R={ R (i_k,j_k)|R(i_k,j_k)∈R₀, k=1,2 ..., k₀,

Wherein, k₀For the quantity of monitoring area inner machine people.

The method of positioning robot above-mentioned, which is characterized in that in step s 6, the method for determining the position of robot Are as follows:

(1) geometric center is asked to the white pixel aggregation zone of each robot, obtains as under plane u-v coordinate system Pixel coordinateWherein,For all white pixels of white pixel aggregation zone u axial projection arithmetic mean of instantaneous value,For Arithmetic mean of instantaneous value of all white pixels of white pixel aggregation zone in v axial projection；

(2) it calculates according to following formula as coordinate (x, y) under plane xoy coordinate system:

Wherein, u₀、v₀, △ u and △ v be known camera parameter；

(3) all robots are obtained as coordinate set under plane xoy coordinate system:

R_xy={ (x_k,y_k) | k=1,2 ..., k₀}；

(4) according to (x_k,y_k) robot is obtained in monitoring device local spatial coordinate system X_GO_GY_GUnder coordinate (X_k, Y_k):

Wherein, h is robot, and H is camera mounting height, and γ is the pitch angle of camera installation, and f is camera Focal length；

(5) all robots are obtained in camera local spatial coordinate system X_GO_GY_GLower coordinate set:

R_XY={ (X_k,Y_k) | k=1,2 ..., k₀}；

(6) by R_XYThe world coordinates being converted under the global coordinate system of video monitoring system institute overlay environment:

The method of positioning robot above-mentioned, which is characterized in that in step s 6, video monitoring equipment is by the position of robot Set the method for being sent to robot are as follows:

(1) Image Acquisition and processing computer willComposition data frame；

(2) wireless data transmitter sends data frame.

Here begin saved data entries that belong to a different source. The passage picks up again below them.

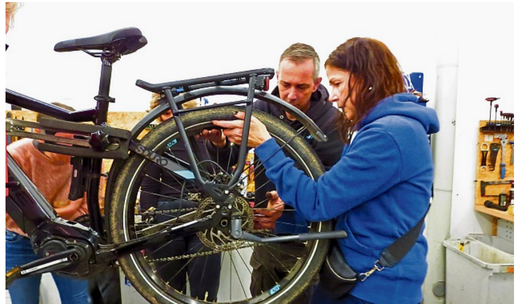
Bei dem Schrauberinnenkurs in Frankenberg lernten die Teilnehmerinnen unter anderem, wie man die Kette am Fahrrad löst und auch reinigt.

Röth kündigte eine geplante Kidical-Mass für den 25. Mai in Korbach an: Dabei handelt es sich um eine Fahrraddemo, die auf die Belange von Kindern im Straßenverkehr aufmerksam macht. nh/jpa
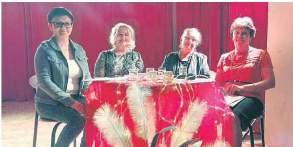
Spotkanie odbyło się 31 lipca
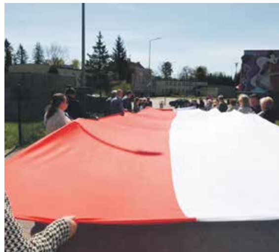
Po nabożeństwie mieszkańcy wspólnie unieśli imponującą, 20-metrową białą-czerwoną flagę
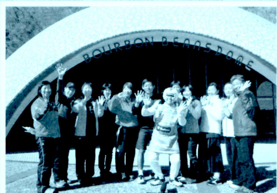
昨年度10府県代表の支部長・監督の皆さん
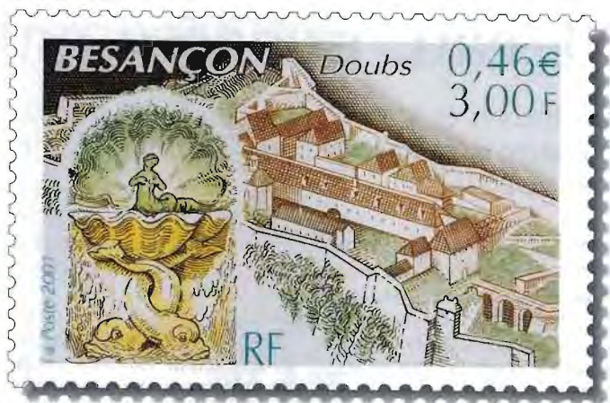
Photo d'après maquette non contractuelle.

The method of positioning robot above-mentioned, which is characterized in that in step s 6, the data that wireless data transmitter is sent The composition of frame is as follows:

Frame synchronization, monitoring device number, data amount check k₀, data 1 ..., data m, verification and,

Wherein, frame synchronization is the mark that wireless data receiver differentiates that a frame data start, and monitoring device number indicates data It is who sends, data amount check k₀The length information of data frame is given, m is valid data quantity, with data format and k₀Have It closes；Verify and be the main foundation of wireless data receiver inspection reception data correctness.

The invention has the beneficial effects that:

One, the video monitoring system of overlay environment:

1, video monitoring system and robot organically combine: each robot in video monitoring system overlay environment It is all made of the local locating method based on odometer and predicts the location of itself current time, each of video monitoring system Video monitoring equipment sends the global position information of all robots within the scope of the monitoring of tools, Ge Geji by wireless transmitter Device people by self-contained wireless data receiver receives this information and as the candidate global position of itself, in conjunction with pre- Location is set and determines self-position according to most possible criterion；

2, simplify the self-contained integrated positioning equipment of robot: video monitoring of the Global localization data from overlay environment System, robot itself only need to carry local positioning equipment, and equipment is simple, light-weight, power consumption is low；

3, applied widely: to be suitable for multirobot application.

Two, the method for above-mentioned video monitoring system positioning robot is utilized:

1, robot localization data are derived from Global localization data, no accumulated error；

2, simultaneously in the Global localization algorithm of view-based access control model, due to not needing which clearly each location data definitely belongs to One robot enormously simplifies the multirobot Global localization algorithm of view-based access control model, meets real-time positioning requirements.

Detailed description of the invention

Fig. 1 is that the pose of wheeled differential steering robot defines schematic diagram；

Fig. 2 is that robot pose derives schematic diagram；

Fig. 3 is perspective projection model；

Fig. 4 is imaging model；

Fig. 5 is the composition schematic diagram of the video monitoring system of overlay environment；

Fig. 6 is the structural schematic diagram of robot of the invention.

The meaning of appended drawing reference in figure: the first wireless data receiver of 1- antenna, 2- right arm, 3- shell, 4- right wheel, 5- Revolver, 6- left arm, the second wireless data receiver of 7- antenna, 8- red globules marker.

Specific embodiment

Specific introduce is made to the present invention below in conjunction with the drawings and specific embodiments.

First part: the video monitoring system of overlay environment

The video monitoring system of overlay environment includes several video monitoring equipments, and each video monitoring equipment covers local ring Border, the local environment constitute mobile robot local coordinate system, and the local environment of adjacent video monitoring device covering has part weight Folded, entire overlay environment constitutes mobile robot global coordinate system.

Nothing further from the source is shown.